Moreover, the distinctively high levels of FGF8 and FGF22 expression were observed exclusively in the identical group of September milk goats, and this elevated expression pattern persisted in both September and December cashmere goats. Moreover, TP53, an inhibitor of anagen, demonstrated the most significant level of expression during the month of September. Additionally, the authors highlighted that the expression profiles of FGF5 in milk goats suggest that the HF undergo both catagen and telogen phases during winter, while anagen begins in March and concludes in autumn [42]. Our findings indicate that the FGF5 gene exhibited a significant differential expression exclusively in male Lalahan Angora goats during the transition from telogen to anagen.

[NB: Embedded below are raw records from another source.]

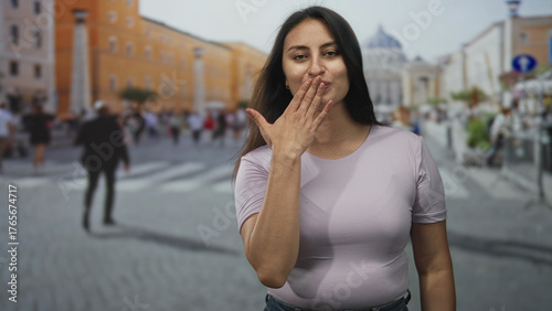 woman, hand, kiss, street, hispanic, young, city, urban, female, smiling, joy, affection, laughter, greeting, warmth, friendship, gesture, expression, connection, emotion, hand, palm, laugh, blowing, outdoors, public, movement, holiday maker, travel, vacation, sightseeing, candid, daylight, sunlight, posing, earring, jean, t-shirt, casual attire, grin, posture, friendly, welcoming, everyday, authentic, crowd, building, crosswalk, piazza
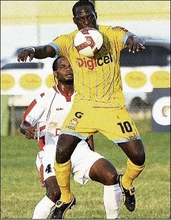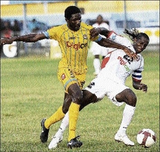 Left: Waterhouse striker Kevin Lamey jumps to control the ball on his chest ahead of Arnett Gardens defender Rasheed Clarke during the Digicel Premier League football match at Drewsland Mini Stadium yesterday. Waterhouse won 2-0.
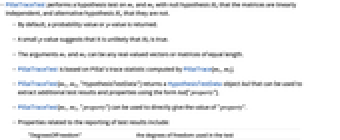 - PillaiTraceTest[m1,m2,"HypothesisTestData"] returns a HypothesisTestData object htd that can be used to extract additional test results and properties using the form htd["property"].
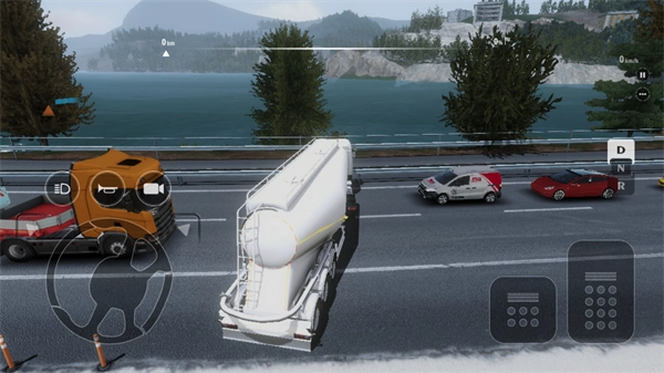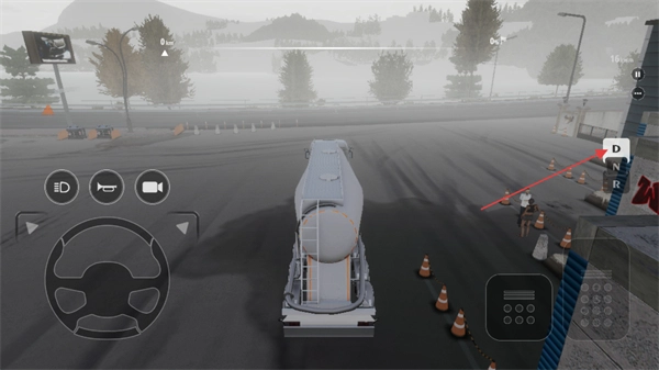 这是游戏的驾驶操作界面,选择D档可控制车辆进入前进状态,搭配方向盘等控件可完成卡车的驾驶操作。
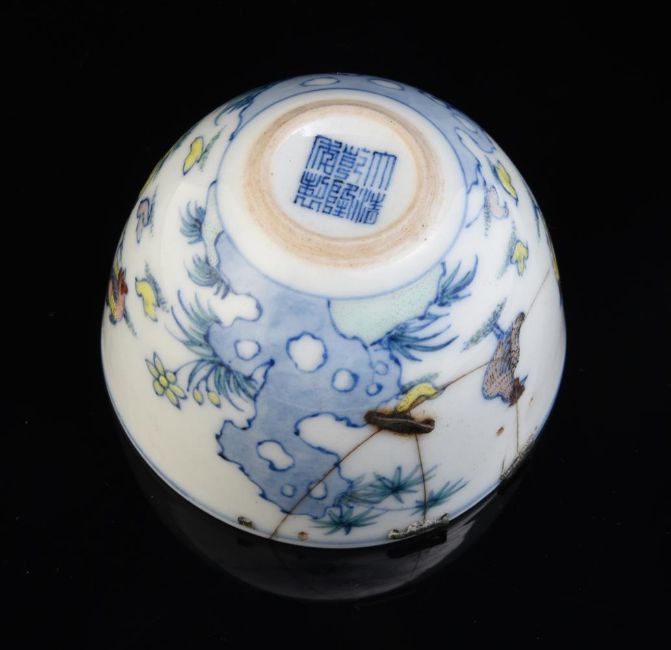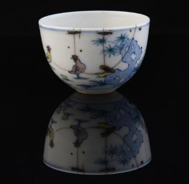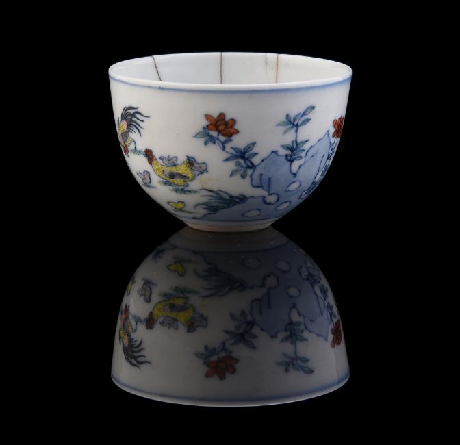 A Chinese Doucai 'chicken' cup, based on the Chenghua prototype, with steep rounded sides rising from a recessed base, finely decorated around the exterior with two cockerels and hens tending their four small chicks, divided on one side by blossoming peony issuing from rockwork and on the other by bamboo issuing from rockwork, all between a single line at the base and rim, the base with Qianlong six-character minyao mark in underglaze blue and possibly of the period, 6.2cm high x 4cm high Provenance: By repute purchased by the current owner in a French market many years ago.斗彩"大清乾隆年制"款鸡缸杯拍品来源:现藏家购自法国古董市场Condition Report: riveted repairCondition Report Disclaimer

This observation aligns with the notion that the FGF5 gene plays a crucial role in this specific stage of hair growth in male Lalahan Angora goats.
CONCLUSION
Mohair fiber is a valuable animal fiber source. Despite the significance of mohair, existing literature has predominantly focused on cashmere fiber, with limited studies dedicated to mohair. This study is the first to evaluate the impact of genes on hair follicle development in Lalahan and Eskisehir variety Angora goats using RNA sequencing methods. Consistent with the hypothesis, the study revealed notable differences between the two varieties in terms of hair follicle development. Specific genes were identified that play distinct roles in the hair growth cycles of Lalahan and Eskisehir Angora goats, contributing to our understanding of the molecular mechanisms underlying mohair production. This study has certain limitations, including the sample size and the scope of gene expression analysis. Future studies with larger sample sizes and broader genomic analyses are necessary to validate and expand upon these findings. The discoveries made in this study highlight the genetic differences influencing hair follicle development in Angora goats, which can inform breeding programs aimed at improving mohair quality. Understanding these genetic factors can lead to enhanced selection strategies for desirable fiber traits. Further investigations are needed to explore the functional roles of the identified genes and their interactions in hair follicle development. Additionally, studies examining environmental and management factors in conjunction with genetic data will provide a more comprehensive understanding of mohair production. This study is expected to serve as a valuable resource for future research endeavors in the field of animal fiber genetics, paving the way for advancements in mohair quality and production.